#### Supplied material:
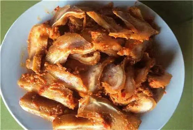 骨頭參是一年四季都可食用的具有民族風(fēng)味的咸菜,也是永德百姓喜愛的傳統(tǒng)美食之一。用剁刀把新鮮的豬排骨、脊梁骨、五花肉等剁碎,加入草果粉、料酒、食鹽等調(diào)料充分?jǐn)嚢韬蠓湃胩展拗袎簩?shí)密封,置于陰涼干燥處放置半年即可食用。腌制好的骨頭參,可煮面條,亦可煲湯,美味還未入口時,只是看著就讓人垂涎三尺。
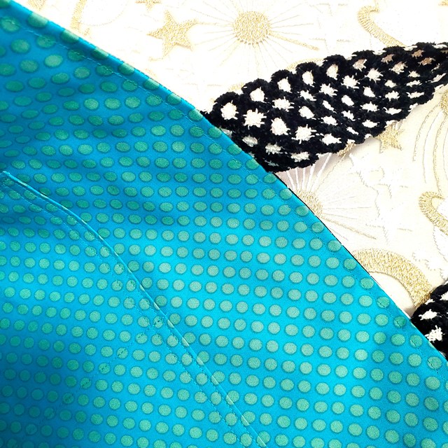 内袋は爽やかなブルーのドット柄の生地を使用しました。使用している時に、チラリと見える赤がステキです。
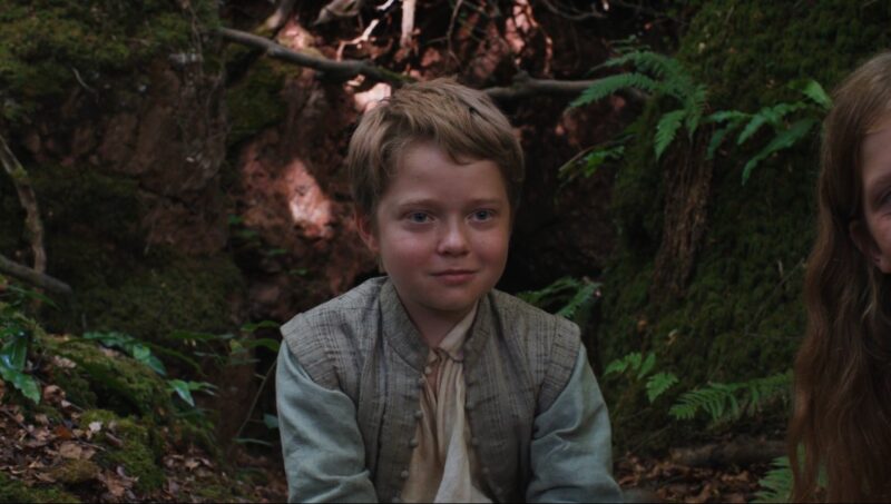 Una problemática que responde al mismo orden se ilustra en el aclamado fotograma que Roger Koza destacó negativamente en una publicación de X1. En una efusiva reunión del núcleo familiar en los bosques de Stratford, el pequeño Hamnet Shakespeare (Jacobi Jupe, extraordinario actor), con un atisbo de mueca que denota felicidad, se encuentra en el centro de un plano que, al igual que toda la película, cae en la neurótica obsesión de la simetría como una arbitrariedad irrevocable. Sobre la derecha del plano se ve una filtración extraña, molesta. Algo que no debería pertenecer a la armonía iconográfica que el film nunca pretende romper. Es un fragmento cortado de la cabeza de Judith, hermana del niño, amputado por el propio encuadre. De esa brusca inclusión se desprenden dos posibilidades: la primera es que sea una composición deliberada que atenta contra la ontología y ética del cine al decapitar a un personaje (¡una niña!) a través del dispositivo con un ímpetu despiadado. Si bien sospecho que no es así, no sería la primera vez Chloé Zhao coquetea con transgredir ciertos valores y principios: en Eternals, su anterior película, ella enajena la serenidad de su impronta a merced de un despropósito cinematográfico y, en la anterior, la aclamada Nomadland, romantiza la explotación laboral por parte de una empresa multinacional sin frenar por un segundo a reflexionar sobre la magnitud que tienen sus caprichos2. La segunda posibilidad es que haya sido simplemente un descuido, una falta de interés por mantener la afinación de su propio film.

#### Work task:
Write out the whole listing exactly, with no pictures.

#### Expected answer:
 骨頭參是一年四季都可食用的具有民族風(fēng)味的咸菜,也是永德百姓喜愛的傳統(tǒng)美食之一。用剁刀把新鮮的豬排骨、脊梁骨、五花肉等剁碎,加入草果粉、料酒、食鹽等調(diào)料充分?jǐn)嚢韬蠓湃胩展拗袎簩?shí)密封,置于陰涼干燥處放置半年即可食用。腌制好的骨頭參,可煮面條,亦可煲湯,美味還未入口時,只是看著就讓人垂涎三尺。
 内袋は爽やかなブルーのドット柄の生地を使用しました。使用している時に、チラリと見える赤がステキです。
 Una problemática que responde al mismo orden se ilustra en el aclamado fotograma que Roger Koza destacó negativamente en una publicación de X1. En una efusiva reunión del núcleo familiar en los bosques de Stratford, el pequeño Hamnet Shakespeare (Jacobi Jupe, extraordinario actor), con un atisbo de mueca que denota felicidad, se encuentra en el centro de un plano que, al igual que toda la película, cae en la neurótica obsesión de la simetría como una arbitrariedad irrevocable. Sobre la derecha del plano se ve una filtración extraña, molesta. Algo que no debería pertenecer a la armonía iconográfica que el film nunca pretende romper. Es un fragmento cortado de la cabeza de Judith, hermana del niño, amputado por el propio encuadre. De esa brusca inclusión se desprenden dos posibilidades: la primera es que sea una composición deliberada que atenta contra la ontología y ética del cine al decapitar a un personaje (¡una niña!) a través del dispositivo con un ímpetu despiadado. Si bien sospecho que no es así, no sería la primera vez Chloé Zhao coquetea con transgredir ciertos valores y principios: en Eternals, su anterior película, ella enajena la serenidad de su impronta a merced de un despropósito cinematográfico y, en la anterior, la aclamada Nomadland, romantiza la explotación laboral por parte de una empresa multinacional sin frenar por un segundo a reflexionar sobre la magnitud que tienen sus caprichos2. La segunda posibilidad es que haya sido simplemente un descuido, una falta de interés por mantener la afinación de su propio film.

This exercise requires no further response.